Will Gaybrick, Stripe’s president of product and business, framed the company’s posture in characteristically blunt terms: “If AI can solve Nobel level physics problems but can’t buy a domain, something’s gone wrong. Our mantra: empower agents.”
That mantra has competitive teeth. Stripe already has partnership announcements with OpenAI, Microsoft, and Meta , and the Visa Intelligent Commerce and Mastercard Agent Pay programs both ride on Stripe’s SPT primitive. Etsy and URBN — parent of Anthropologie, Free People, and Urban Outfitters — are listed as early adopters, alongside Affirm and Klarna for buy-now-pay-later flows.
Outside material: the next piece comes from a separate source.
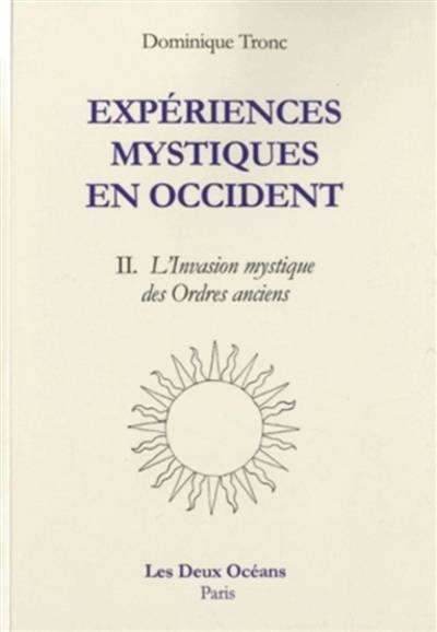 J'arpente depuis longtemps les allées de la mystique et j'ai souvent regretté de ne pas disposer d'un guide. Parvenu à l'âge mûr, je public ce travail destiné à tous ceux qui, sans disposer de carte ni d'orientation, recherchent les témoignages essentiels et eux seuls, et particulièrement ceux qui furent rédigés dans notre langue. Dans cet itinéraire ou pèlerinage je ne cite que les témoignages d'expérience du divin en évitant toute littérature dérivée . les influences personnelles exercées par des "aînés" expérimentés sur leurs "cadets" sont soulignées. Le volume Expériences mystiques en Occident I. Des Origines à la Renaissance introduisait aux principales figures de la tradition mystique chrétienne. Il constitue une préparation aux volumes II, III et IV de notre entreprise. Le présent volume II. L'Invasion mystique des Ordres anciens s'attache à la renaissance mystique qui se produisit en France au début du XVIIe siècle. Tandis que la vie érémitique ou "béguine" anime toujours de nouvelles figures, la rénovation est exemplaire chez des moines et des bénédictines, dans les deux carmels de la réforme dite de "Touraine ou d'origine espagnole, chez des franciscains de trois branches : capucins, récollets, tiers ordre régulier. Nous nous attachons aux seuls mystiques dont on découvrira ici de hautes figures cachées.. leurs évocations, aux relations qui les unissent, nous associons un florilège conséquent constitué à partir de leurs écrits. Ces traces exemplaires sont en effet rarement disponibles de nos jours.

The race to define the agentic-payments substrate is now genuinely crowded. Anthropic’s own Project Deal effort to let Claude agents trade real goods launched earlier this month; Tempo, the Stripe- and Paradigm-backed payments blockchain underpinning the Machine Payments Protocol, went live in March; Mastercard and Stripe announced a separate integration with the Wizard agentic-shopping platform on the same day. Whoever owns the wallet, token format, and merchant catalog at the bottom of the stack will collect a small percentage of every agent-led purchase for the next decade.
What Could Still Go Wrong
The friction Stripe is engineering away — manually entering card numbers across dozens of agent surfaces — is also the friction that has historically capped consumer fraud. A wallet that can hand out one-time-use cards programmatically, on instructions from software acting on a user’s behalf, raises the question of who is accountable when AI starts transacting and a charge later turns out to have been induced by a prompt injection, a hijacked agent, or simple model error.
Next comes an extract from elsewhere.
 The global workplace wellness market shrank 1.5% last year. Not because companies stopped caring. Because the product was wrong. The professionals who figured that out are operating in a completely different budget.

Recent incidents have shown that agentic AI failures can cascade in seconds when an autonomous system has live credentials. Stripe’s design — per-transaction approval today, scoped tokens with merchant and amount limits, OAuth-style revocation — is more conservative than what industry roadmaps describe further out. By stage five of Stripe’s own published agentic-commerce framework, agents act fully autonomously based on user history. The gap between today’s approve-everything model and that endpoint is where most of the consumer-protection, dispute-resolution, and agent oversight hard problems live.
What to watch next: how quickly Stripe’s “soon” stablecoin and BNPL token support actually ships through Privy and Tempo; which agent platforms beyond OpenClaw integrate Link first; whether Apple Pay and Google Pay respond with their own agent-mode credentials; and whether Visa and Mastercard’s network-issued agentic tokens become the default rail or remain one option among many. The plumbing for an internet that’s increasingly built for AI is being poured in real time, and at Sessions 2026, Stripe made the strongest claim yet that the wallet at the center of it will be theirs.